Lorenzo et al. (1) also examine the possible connection between transport defects induced by βII-spectrin ablation and those induced by ankyrin-B depletion (33), given that these 2 proteins interact at the MPS. The effects of ankyrin-B and βII-spectrin on vesicular trafficking are independent and additive, with a near-complete abolition of axonal transport along the axon of neurons genetically depleted for both proteins. This surprising result points to a separate but general role of ankyrin-B and βII-spectrin as axonal transport adaptors. Independence of ankyrin-B and βII-spectrin in supporting vesicular transport is confirmed by rescue experiments: Expression of an ankyrin-binding−deficient mutant of βII-spectrin can rescue defects of axonal transport and growth in βII-spectrin knockout neurons.
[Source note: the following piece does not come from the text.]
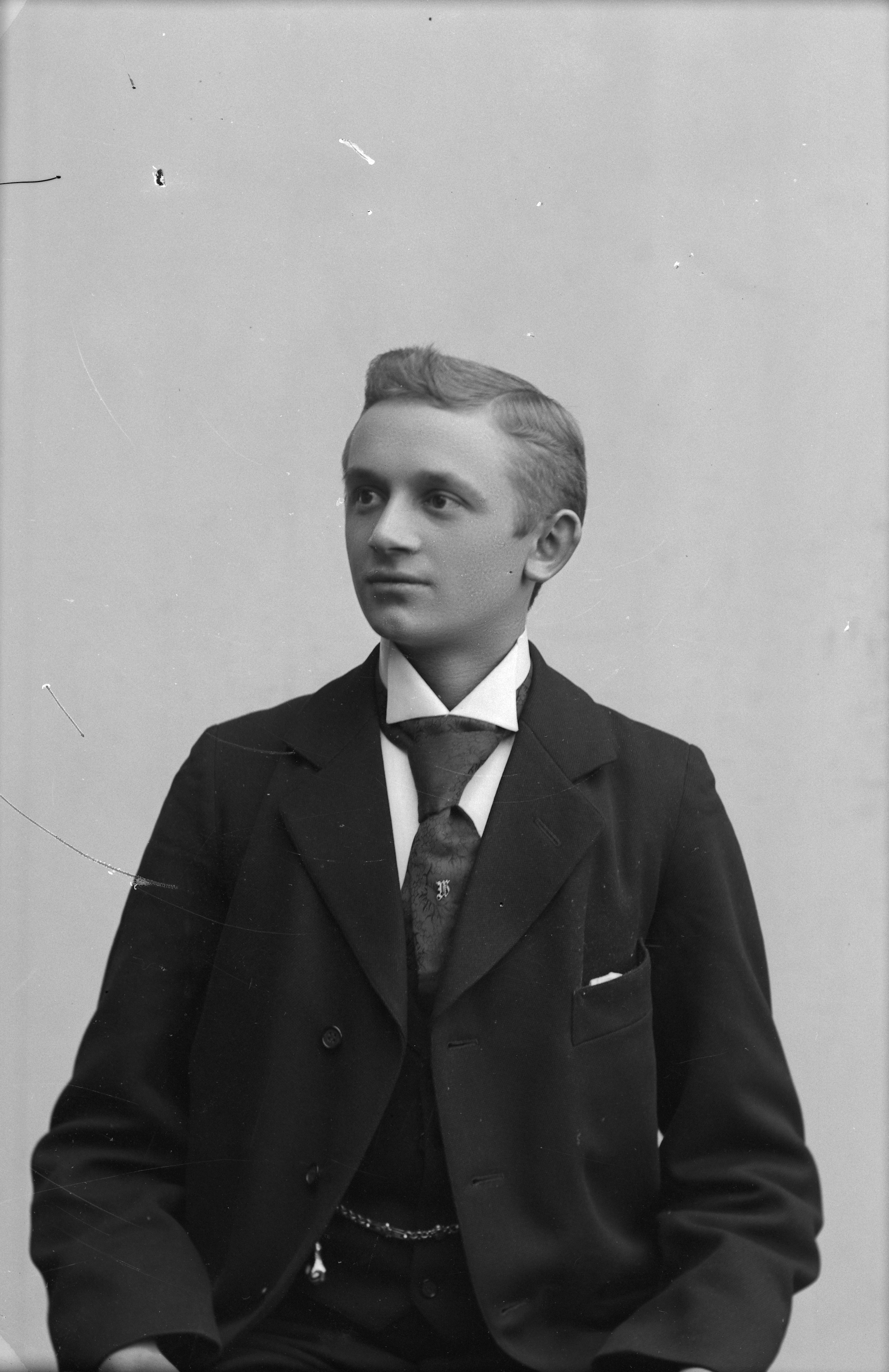 Beskrivning: Porträtt i halvfigur av V. Fredriksson.

Furthermore, another rescue experiment suggests direct binding of βII-spectrin to vesicles via an interaction between the spectrin pleckstrin homology domain and acidic phospholipids (26, 27): A lipid-binding−deficient mutant of βII-spectrin is not able to rescue axonal transport and growth defects.
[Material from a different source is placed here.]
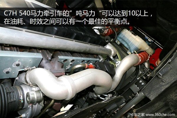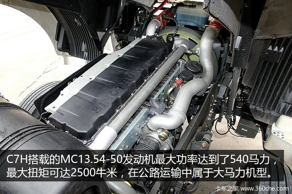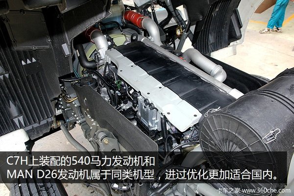 汕德卡C7H 540马力车型搭载的发动机MC13发动机和MAN原装的D26发动机属于同类产品,技术比较成熟,经过优化和改进,更加适合国内的市场。目前汕德卡C7H上装配的MC系列机型最大功率已经可以达到540马力,位居国内主流运输牵引车首列。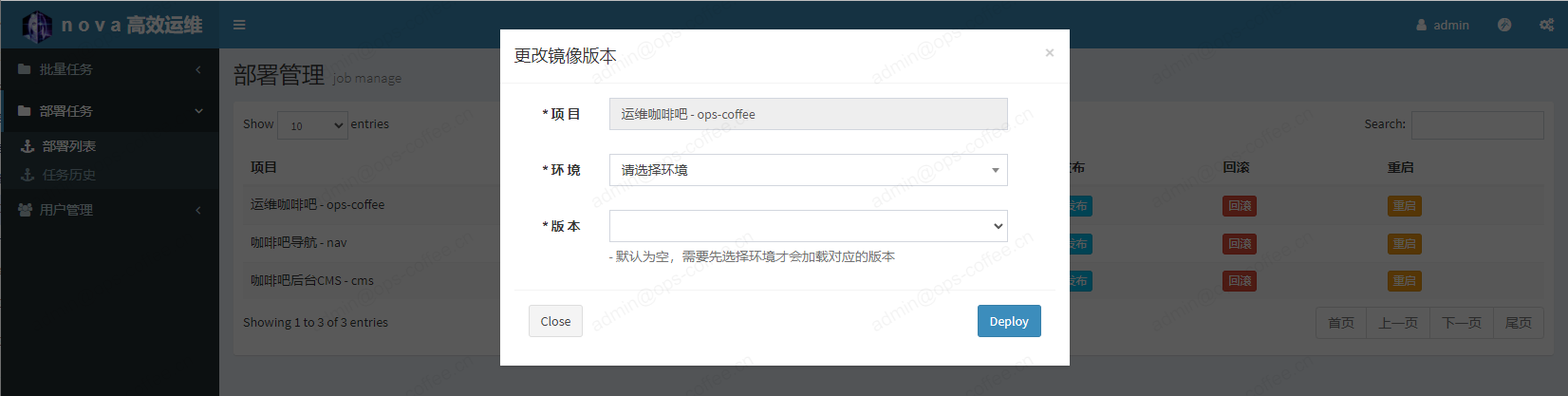 nova系统主要用来做生产环境的持续部署,之前的文章里也有介绍,由于我们的环境比较复杂,公有云、私有云、云主机、物理机、Kubernetes等都有使用,并且分布在不同地区的机房,为了方便维护,我们专门抽离了生产环境的部署功能做了nova系统

Overall, this study by Lorenzo et al. (1) sheds light on neuronal spectrins, unveiling a function in axonal transport (Fig. 1). It is a striking example of how a protein can evolve different roles, even in the same cellular compartment, via differential localization and interaction with distinct partners. Both MPS assembly and axonal transport seem to contribute to axonal growth and stability, and it would be very interesting to tease apart the respective role of each of these βII-spectrin−mediated process. Axonal transport and growth share a similar dependence on βII-spectrin binding to phospholipid, but not to ankyrin-B, suggesting a primary contribution from transport. Testing these binding partners requirements in MPS assembly would be useful for resolving this question, as would be a genetic way of perturbing the MPS independently from βII-spectrin itself. Another intriguing possibility is that different βII-spectrin−containing tetramers are used in the MPS and on transported vesicles. As spectrins are obligatory tetramers, all tetramers likely contain the neuronal αII-spectrin subunit, but different isoforms of either αII- or βII-spectrin could distinguish MPS and vesicular spectrin tetramers. Future work will hopefully address these important open questions, and decipher what balances the dual functions of axonal spectrins. In our era of immediate access and acceleration of knowledge production, it is an interesting twist to see this paradigm-shifting study having its roots in the sagacious observations made almost 40 y ago by the pioneers of neuronal cell biology (10).